И как жизни отданной не вернуть, так и испорченной совести.
Но не было, не было вокруг Иннокентия, кому он мог бы все издуманное рассказать, ни даже жене. Как не поняла и не разделила она его вернувшейся нежности к умершей матери, так не понимала дальше, зачем можно интересоваться событиями, которые, пройдя однажды, уже не вернутся больше. А что он стал презирать свою службу – это в ужас бы ее привело, ведь именно на этой службе была основана вся их сверкающая успешливая жизнь.
Отчужденность с женою дошла в прошлом году до того угла, когда открывать себя становилось уже опасно.
Но и в Союзе, в отпуске, тоже не было близких у Иннокентия. Тронутый наивным рассказом Клары о поломойке на лестнице, он порывом понадеялся, что может быть хоть с нею будет хорошо говорить.

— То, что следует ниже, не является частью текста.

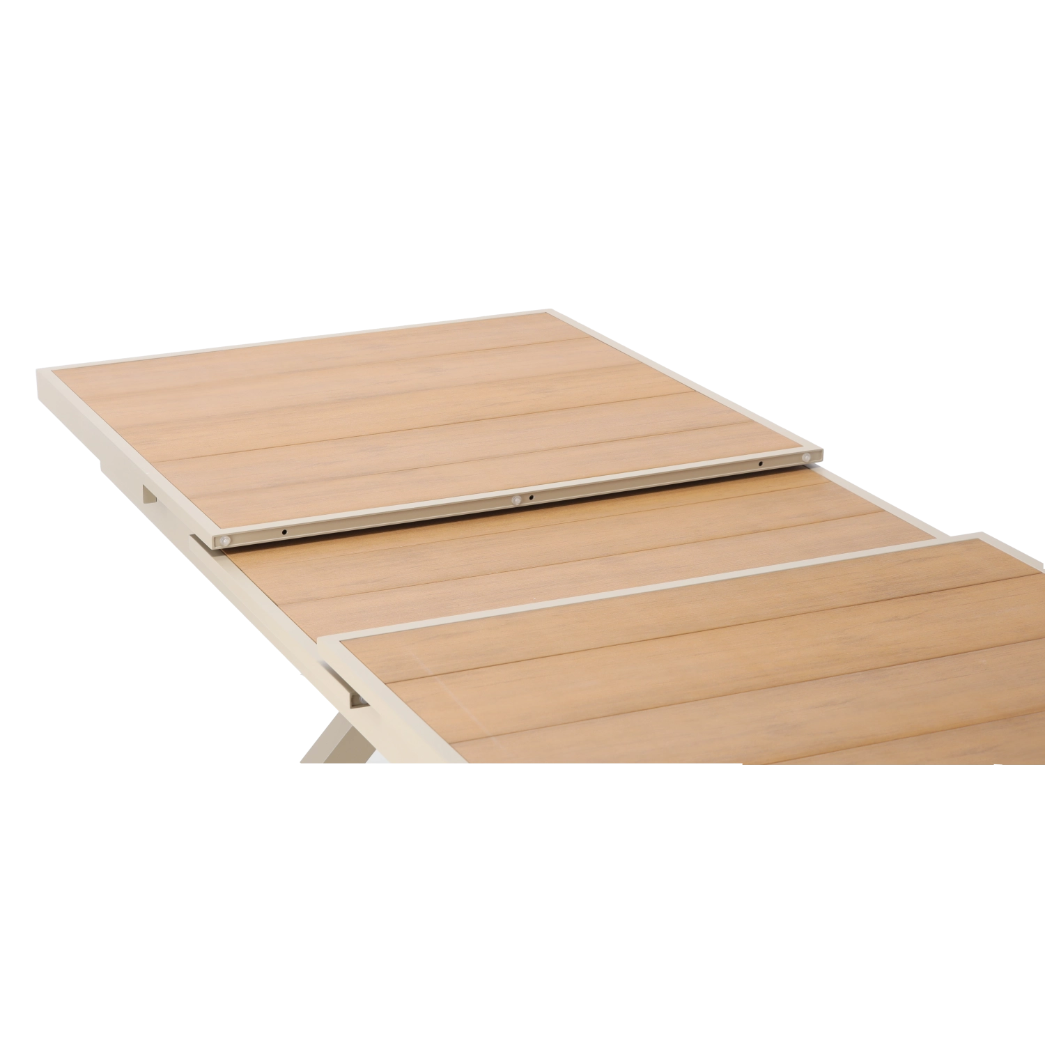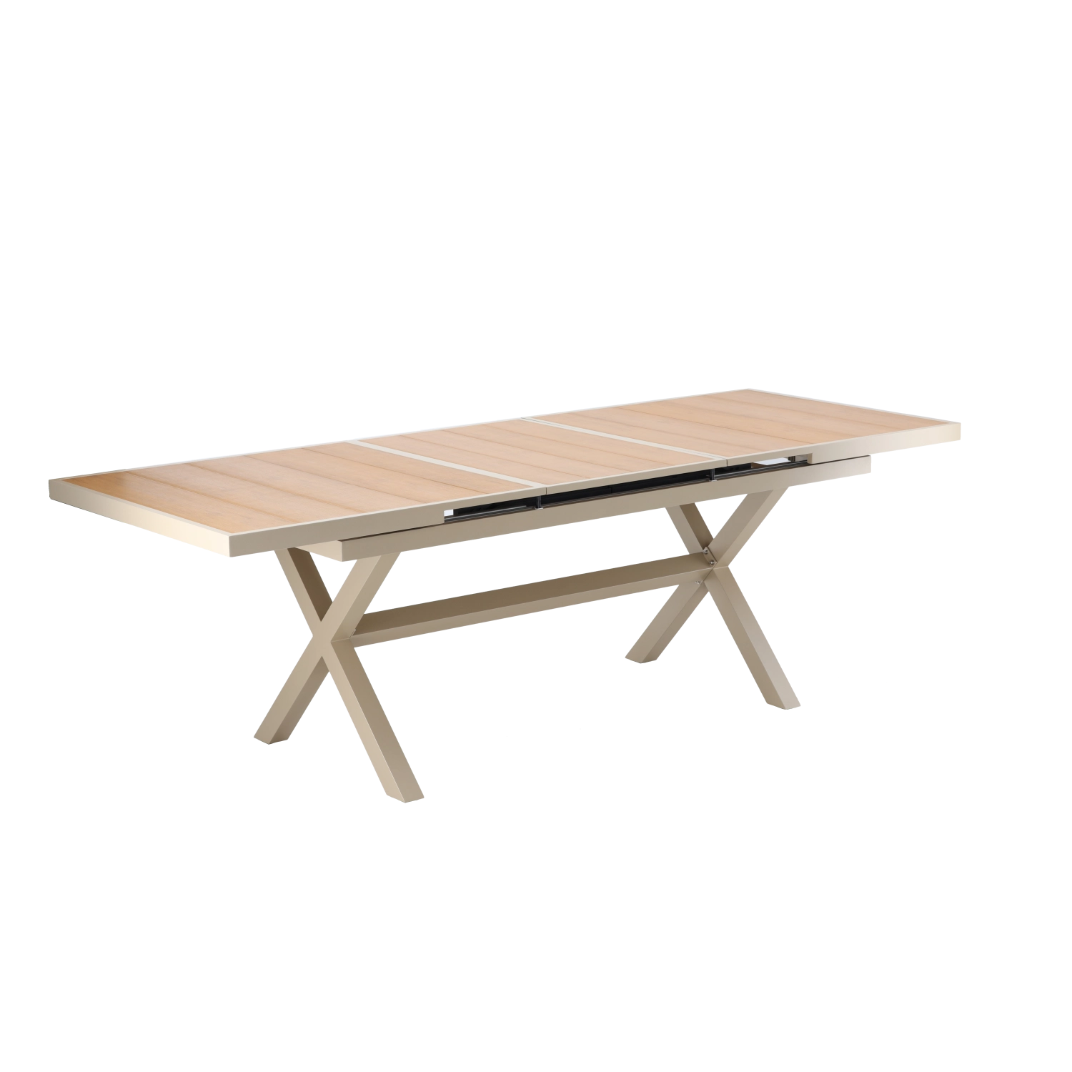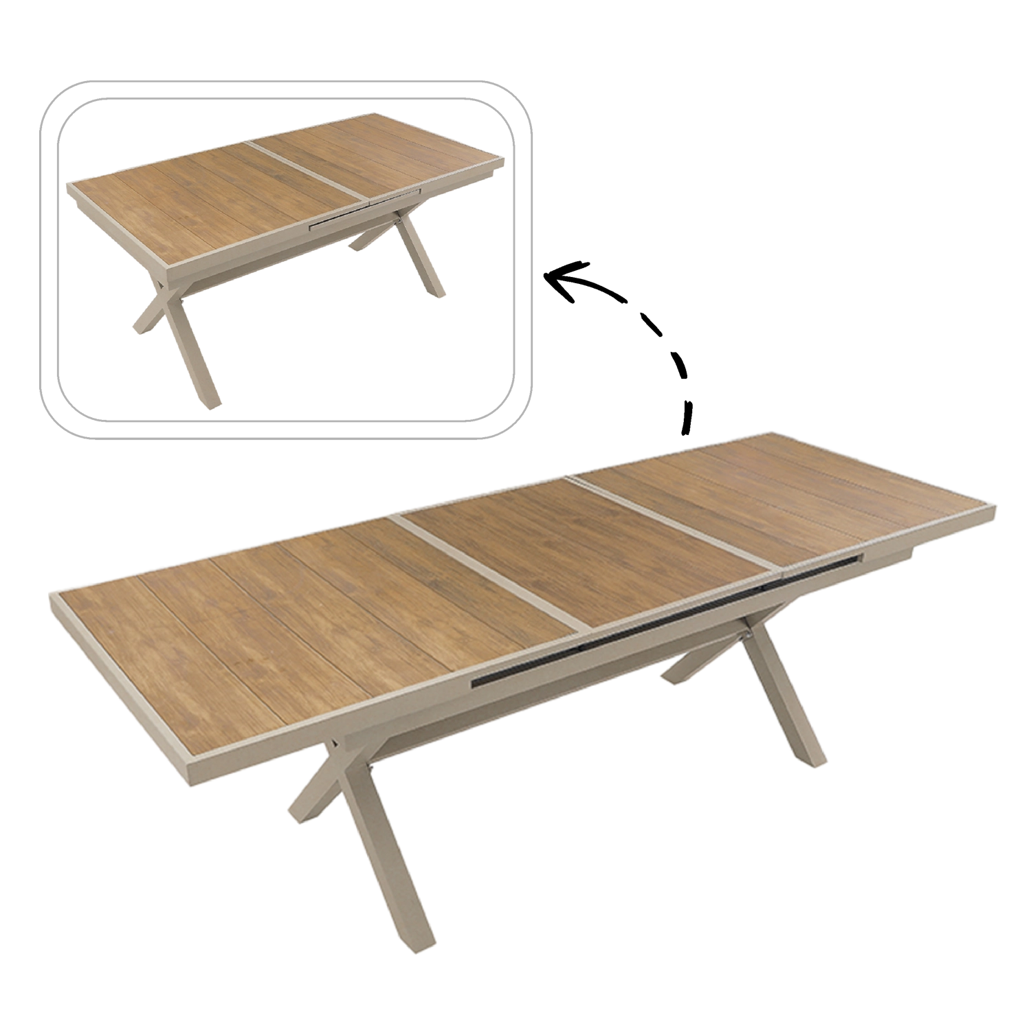 Elegantna raztegljiva vrtna miza v bež barvi združuje moderen dizajn, vzdržljivo aluminijasto konstrukcijo in praktično funkcijo podaljšanja na 240 cm. Plošča z lesenim dekorjem deluje naravno in ne zahteva zahtevnega vzdrževanja, zato je idealna za teraso, vrt in tudi za komercialne prostore.

Однако, с первых же фраз и шагов той прогулки, Иннокентий увидел, что – невозможно, непродерные заросли, слишком многое расплетать, разрывать. И даже к тому, что вполне естественно, что сблизило бы их – сестре жены пожаловаться на жену – он почему-то не расположился.
Вот почему. Тут еще обнаружился странный закон: бесплодно пытаться развивать понимание с женщиной, если она тебе не нравится телесно – почему-то замыкаются уста, охватывает бессилие все просказать, проговорить, не находятся самые открытые откровенные слова.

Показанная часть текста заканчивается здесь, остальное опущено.